(Source data)
*** Begin section ***

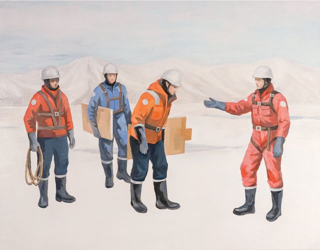 작가에게 ‘모험’은 과거 서구의 탐험 서사에서 비롯된 정복의 개념이 아닌 시야의 확장이며, 미지에 대한 두려움을 극복하는 과정이다. 7년간 바다를 항해한 케이틀린 스미스의 “모험 그 자체가 목적”이라는 대답에서 작가는 자신의 목적 지향적 관점을 되돌아보며 마침내 문명의 안락한 경계 밖인 북극으로 자신을 던졌다. 그러나 역설적이게도 그 거대한 자연 앞에서 작가가 목도한 것은 인간이 구축한 정교한 문명 시스템이었다. 전시의 출발점은 작가가 마주한 북극의 이질감이다. 기후 위기와 그린워싱의 상징으로 소비되어온 북극의 이미지는 실재하는 자연이라기보다 미디어에 의해 끊임없이 가공된 ‘기호’의 중첩에 가까웠다. 이러한 비현실적 감각은 신작 회화에서 극도로 절제된 ‘매뉴얼’ 형식으로 시각화된다. 작가는 생존을 위한 해상 훈련과 화재 진압 과정을, 마치 비상 상황까지 질서 속에 가둔 비행기의 ‘안전 매뉴얼’처럼 건조한 화면으로 옮긴다. 재난의 혼돈마저 인간의 질서와 체계 안에 있는 듯 연출된 이 장면은 대자연을 완벽하게 통제할 수 있다는 문명의 오만한 믿음을 투영한다.
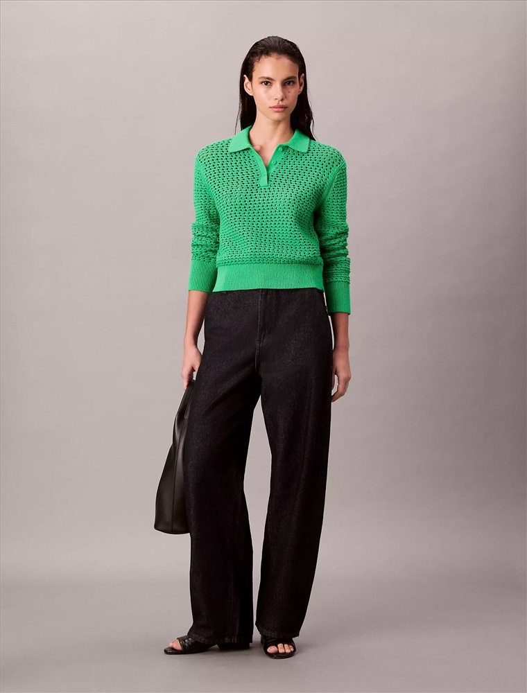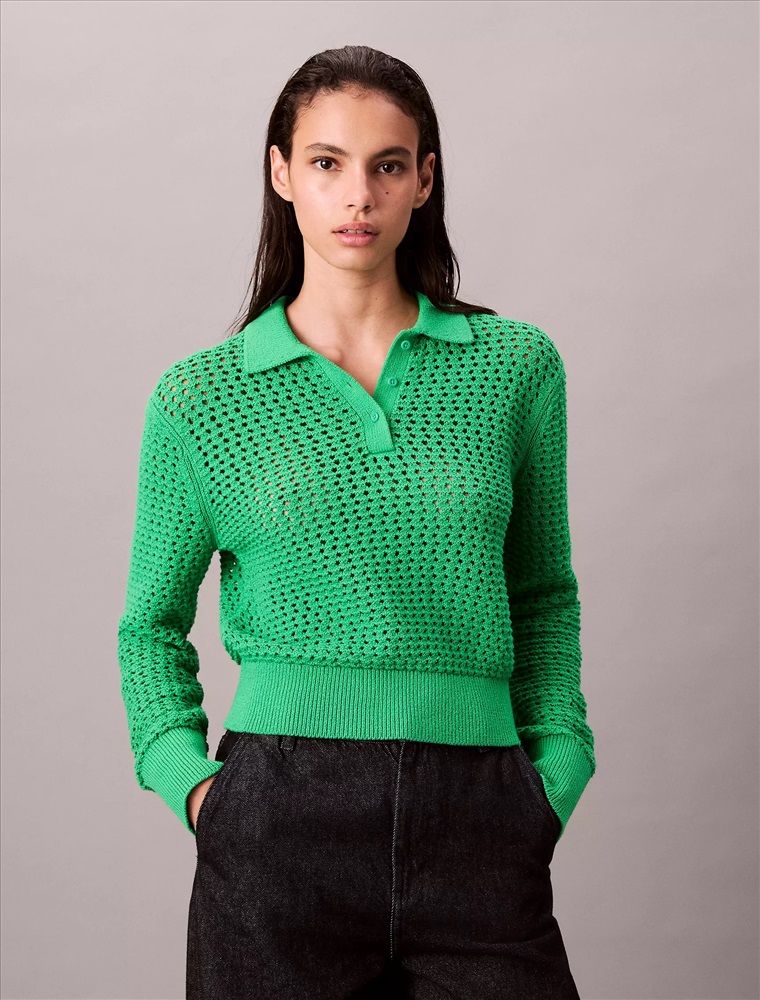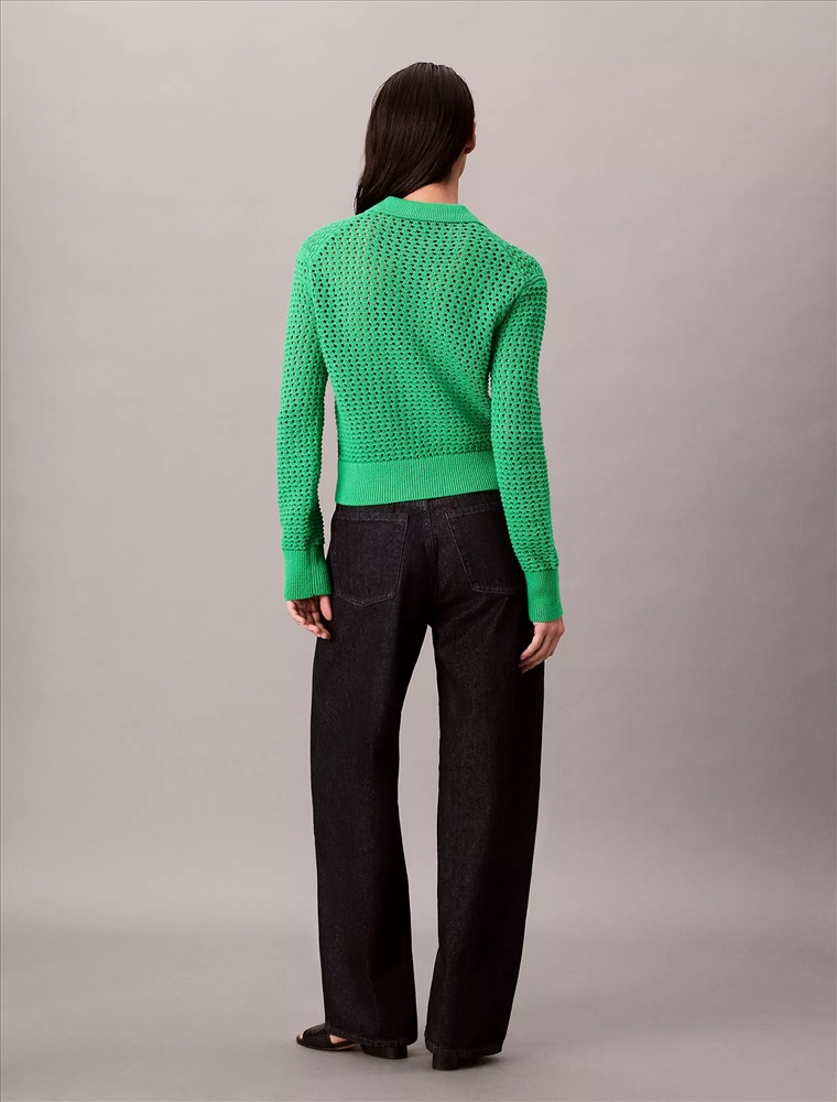 Open Stitch Polo Sweater
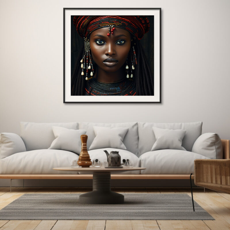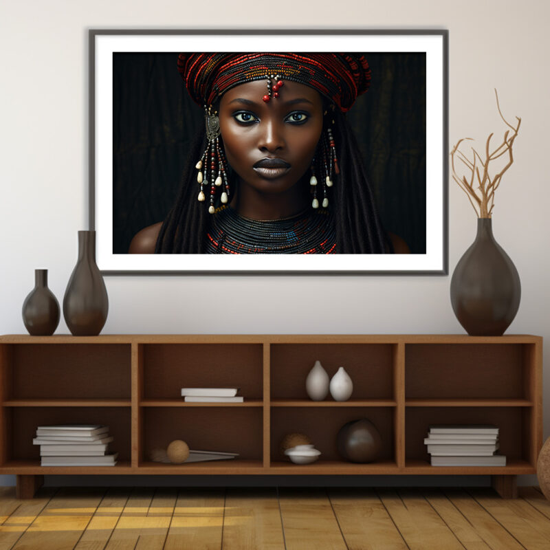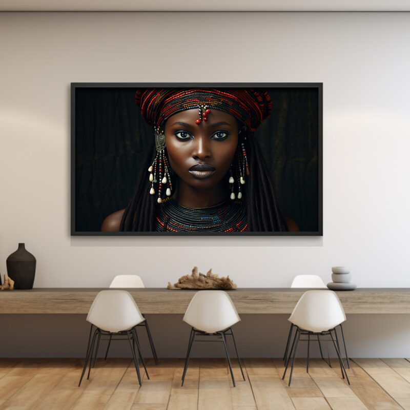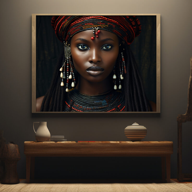 This digital art piece is perfect for those who want to add a touch of African elegance to their digital spaces. Whether it’s for a website, a blog, or a social media profile, this image is sure to make a statement. It’s a beautiful representation of African culture and heritage, captured in a digital medium.
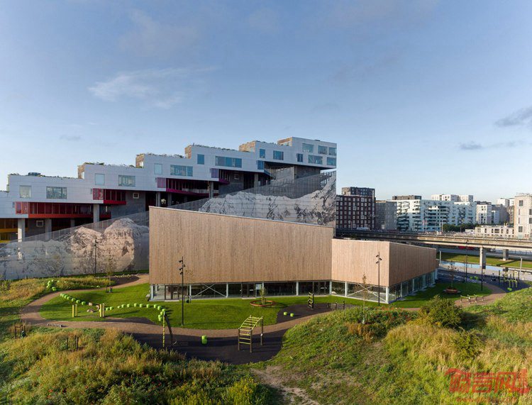 丹麦NORD工作室完成了哥本哈根多功能体育设施的设计。该项目包含若干木制结构组合,从中央向四周扩散,涵盖不同的功能分区。建筑毗邻BIG设计的标志性山形住所。与其邻近建筑一道,体育中心造型低调,占据了此前曾计划建造口袋公园的场地。设计师表示,这座多功能建筑开发和设计只在成为赋有活力的城市空间,在大型建筑和悠长的道路区域中营造新型社区和社会可持续性。
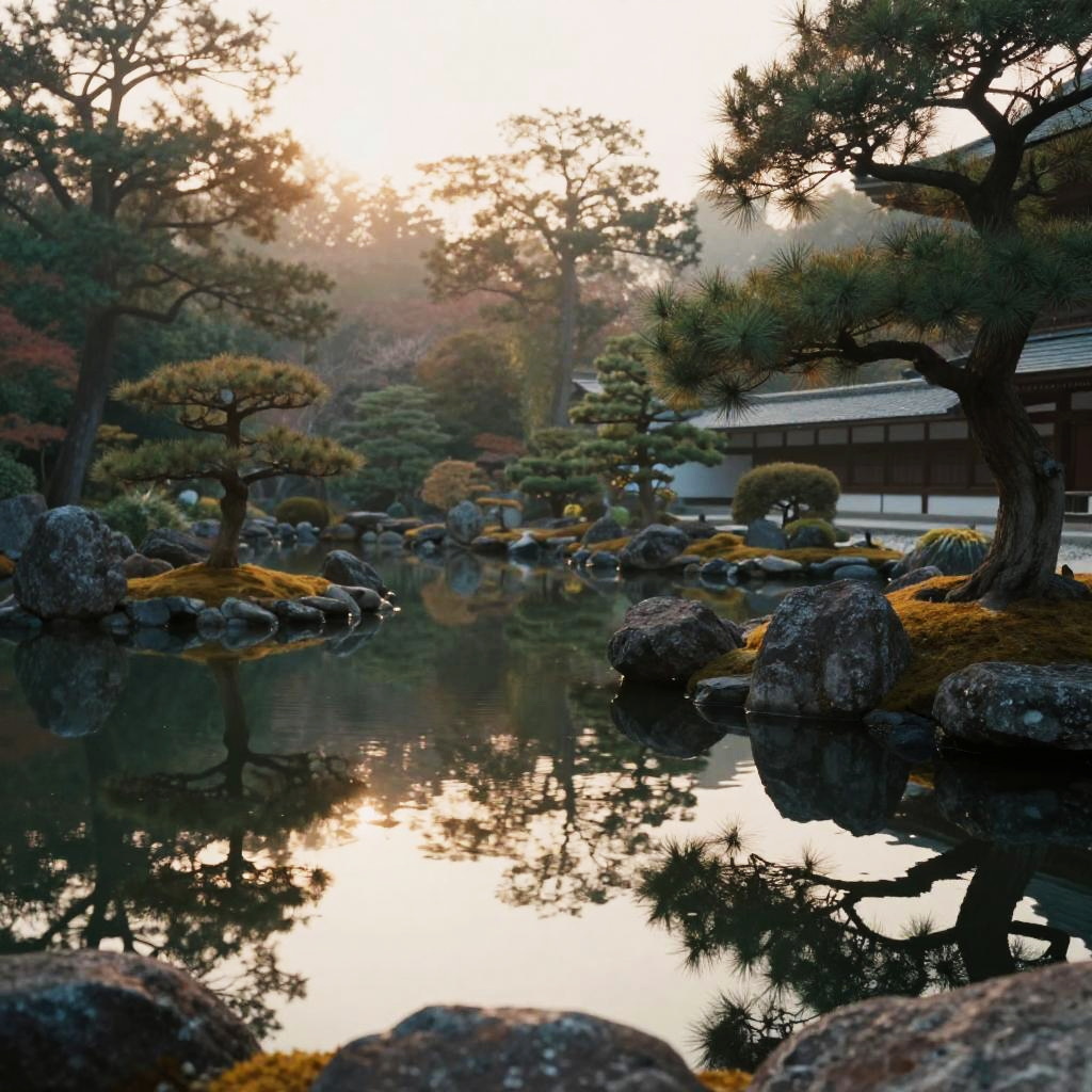 1080x1080 picture of a ancient stone circle, in Scottish highlands, at golden sunset, calm water with detailed reflections, soft atmospheric haze, golden hour glow, natural colors, balanced composition with leading lines, foreground texture for depth, subtle lens flare, serene mood, ultra crisp detail

*** End section ***

» Exercise aim:
What you return should be the entries from above, unchanged and without their images.

» Result for this task:
 작가에게 ‘모험’은 과거 서구의 탐험 서사에서 비롯된 정복의 개념이 아닌 시야의 확장이며, 미지에 대한 두려움을 극복하는 과정이다. 7년간 바다를 항해한 케이틀린 스미스의 “모험 그 자체가 목적”이라는 대답에서 작가는 자신의 목적 지향적 관점을 되돌아보며 마침내 문명의 안락한 경계 밖인 북극으로 자신을 던졌다. 그러나 역설적이게도 그 거대한 자연 앞에서 작가가 목도한 것은 인간이 구축한 정교한 문명 시스템이었다. 전시의 출발점은 작가가 마주한 북극의 이질감이다. 기후 위기와 그린워싱의 상징으로 소비되어온 북극의 이미지는 실재하는 자연이라기보다 미디어에 의해 끊임없이 가공된 ‘기호’의 중첩에 가까웠다. 이러한 비현실적 감각은 신작 회화에서 극도로 절제된 ‘매뉴얼’ 형식으로 시각화된다. 작가는 생존을 위한 해상 훈련과 화재 진압 과정을, 마치 비상 상황까지 질서 속에 가둔 비행기의 ‘안전 매뉴얼’처럼 건조한 화면으로 옮긴다. 재난의 혼돈마저 인간의 질서와 체계 안에 있는 듯 연출된 이 장면은 대자연을 완벽하게 통제할 수 있다는 문명의 오만한 믿음을 투영한다.
 Open Stitch Polo Sweater
 This digital art piece is perfect for those who want to add a touch of African elegance to their digital spaces. Whether it’s for a website, a blog, or a social media profile, this image is sure to make a statement. It’s a beautiful representation of African culture and heritage, captured in a digital medium.
 丹麦NORD工作室完成了哥本哈根多功能体育设施的设计。该项目包含若干木制结构组合,从中央向四周扩散,涵盖不同的功能分区。建筑毗邻BIG设计的标志性山形住所。与其邻近建筑一道,体育中心造型低调,占据了此前曾计划建造口袋公园的场地。设计师表示,这座多功能建筑开发和设计只在成为赋有活力的城市空间,在大型建筑和悠长的道路区域中营造新型社区和社会可持续性。
 1080x1080 picture of a ancient stone circle, in Scottish highlands, at golden sunset, calm water with detailed reflections, soft atmospheric haze, golden hour glow, natural colors, balanced composition with leading lines, foreground texture for depth, subtle lens flare, serene mood, ultra crisp detail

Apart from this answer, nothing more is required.